In the case that $\lambda=4$, $2y+7z=4(2x)$ and $2x+2z=4(2y)$. Solving for $y$ and $z$, $y=\frac{1}{2}x$ and $z=x$, which plugs in as $2xy+2yz+5zx=9x^2$ and $x^2+y^2+z^2=\frac{9}{4}x^2\le100$. The minimum here is $0$ ($x=y=z=0$) clearly, but the maximum is $9\frac{4}{9}100=400$ ($x=z=\frac{20}{3},y=\frac{10}{3}$).
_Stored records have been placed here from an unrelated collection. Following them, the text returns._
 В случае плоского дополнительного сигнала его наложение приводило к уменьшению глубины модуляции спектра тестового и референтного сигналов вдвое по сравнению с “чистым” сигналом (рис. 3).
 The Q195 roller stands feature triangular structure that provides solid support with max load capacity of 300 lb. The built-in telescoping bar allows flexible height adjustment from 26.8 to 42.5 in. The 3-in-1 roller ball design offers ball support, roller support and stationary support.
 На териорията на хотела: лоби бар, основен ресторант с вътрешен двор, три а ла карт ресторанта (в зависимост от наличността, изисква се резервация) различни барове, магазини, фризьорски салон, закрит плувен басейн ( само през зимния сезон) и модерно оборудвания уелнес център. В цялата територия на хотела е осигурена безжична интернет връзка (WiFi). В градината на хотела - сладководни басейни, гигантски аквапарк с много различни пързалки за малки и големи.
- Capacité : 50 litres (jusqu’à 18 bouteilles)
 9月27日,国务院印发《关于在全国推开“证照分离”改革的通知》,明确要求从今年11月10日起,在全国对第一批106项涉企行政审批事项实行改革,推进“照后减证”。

In the case that $\lambda=-\frac{1}{2}$, $2y+7z=-\frac{1}{2}(2x)$ and $2x+2z=-\frac{1}{2}(2y)$. Solving for $y$ and $z$, we get $y=-4x$ and $z=x$, which plugs in as $2xy+2yz+5zx=-11x^2$ and $x^2+y^2+z^2=18x^2\le100$. The maximum here is clearly $0$ ($x=y=z=0$), but the minimum is $-4\frac{100}{18}=-\frac{550}{9}$ ($x=z=\frac{5\sqrt{2}}{3},y=-\frac{20\sqrt{2}}{3}$).
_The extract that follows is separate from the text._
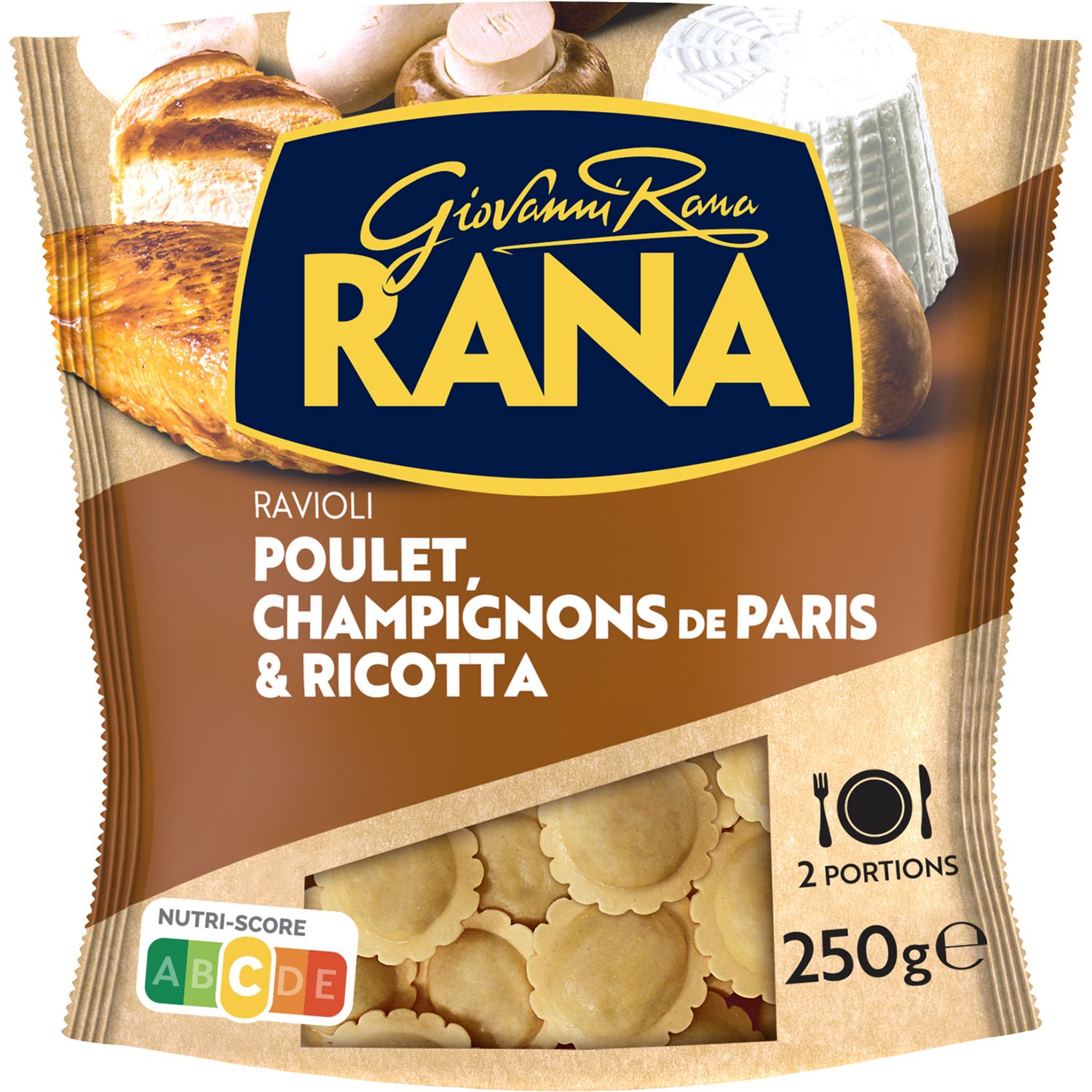 Ravioli au poulet, champignons de Paris & ricotta

In effect, the maximum value is $\boxed{400}$ at $\left(\frac{20}{3},\frac{10}{3},\frac{20}{3}\right)$, and the minimum value is $\boxed{-350}$ at $\left(5\sqrt{2},0,-5\sqrt{2}\right)$.

Now the real question is what is the non-LM solution?
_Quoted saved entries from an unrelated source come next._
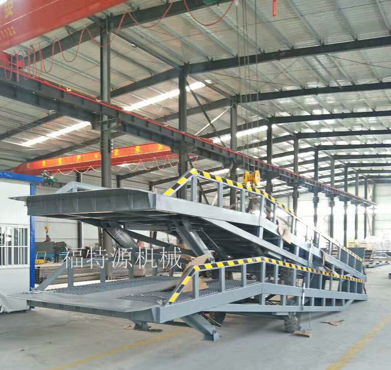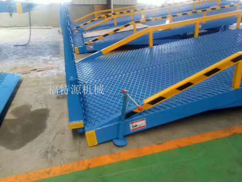 登車橋分為固定式、移動式兩種,采用國產/進口液壓系統。它的主要作用是在貨臺與運輸車輛之間搭起一座橋,使叉車便利地行駛,達到高效裝卸貨目的。該設備一端與貨臺等高,另一端搭在車廂后沿,并能根據不同的車型及裝車過程中車廂的高低變化,自動調整高度。該產品可根據用戶的不同需要,在外形尺寸、承受載荷等方面特殊設計。
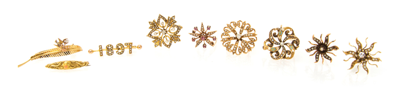 consisting of one starburst pendant/brooch with seed pearls round pink stones, one 10 gold karat starburst brooch with seed pearls, one 14 gold karat starburst pendant/brooch in with seed pearls and one old European cut diamond, one starburst brooch with seed pearls containing one old mine cut diamond, one floral brooch with seed pearls and a round paste stone, one 14 karat gold brooch with seed pearls and blue, white and yellow enamel in a floral motif, one 14 karat gold Art Nouveau enamel bar brooch, one 9 karat gold and seed pearl "1897" bar brooch and one 18 karat gold leaf brooch with attached bird and flower, containing one old mine cut diamond.
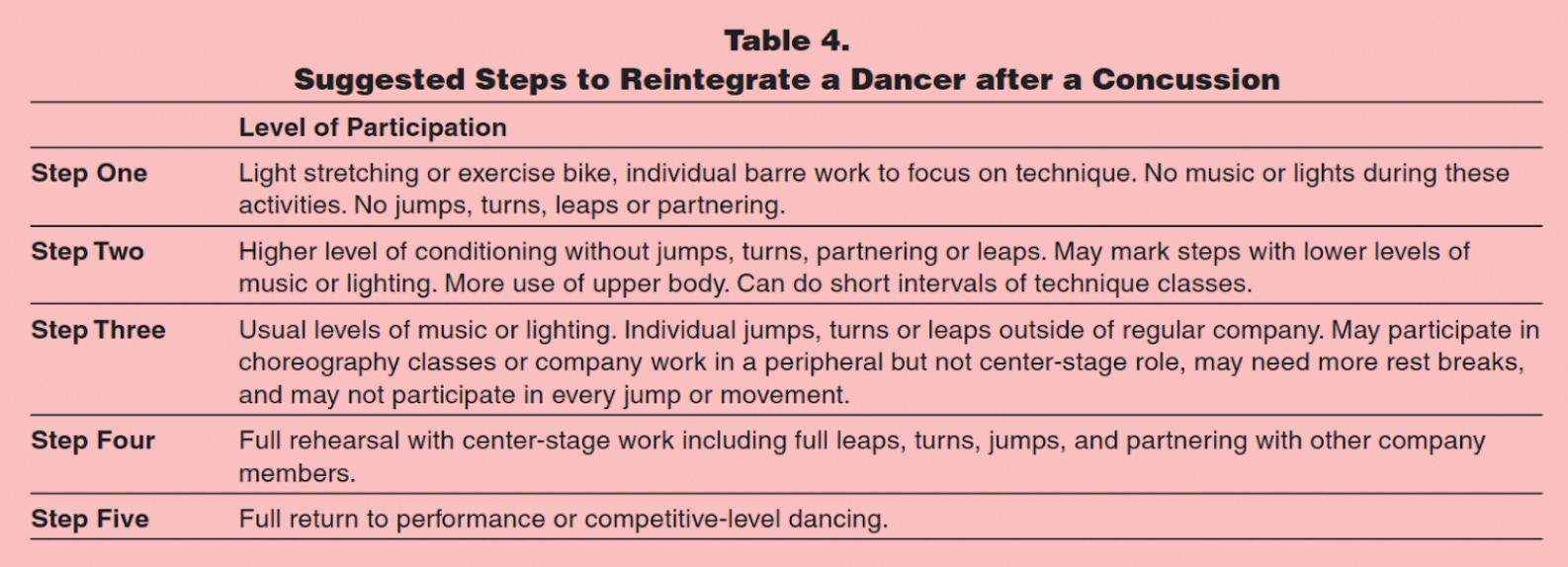 - Russell, J. A., McIntyre, L., Stewart, L., & Wang, T. (2021). Concussions in Dancers and Other Performing Artists. Physical medicine and rehabilitation clinics of North America, 32(1), 155–168.
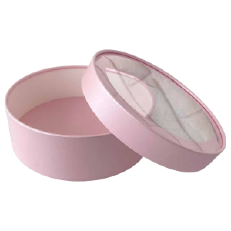 Коробка для зефира Круглая с окном, РОЗОВАЯ матовая, d200*h70мм, шт

If we want the greatest possible value of $2xy+2yz+2xz$ (instead of $2xy+2yz+7xz$ ) we can use the inequalities $2xy\leq x^2+y^2$, $2yz\leq y^2+z^2$ and $2xz\leq x^2+z^2$, in this case the maximum occurs when $x=y=z$.

But in our problem we can try to use similar inequalities like $2xy\leq Ax^2+By^2$, where $A$ and $B$ are suitable constants.

For minimum: $2xy+2yz+7xz = (x+y+z)^2 - (x^2+y^2+z^2) + \frac{5}{2} (x+z)^2 - \frac{5}{2}(x ^2 + z^2) \\ \ge - (x^2+y^2+z^2) - \frac{5}{2}(x ^2 + z^2) \ge -100 - \frac{5}{2} (100) = -350.$ The equality holds when $x+y+z=0, x+z=0, x^2+y^2+z^2=100, x^2+z^2=100$. There is an obvious solution, that is $y=0, x=-z, x^2=z^2=50$.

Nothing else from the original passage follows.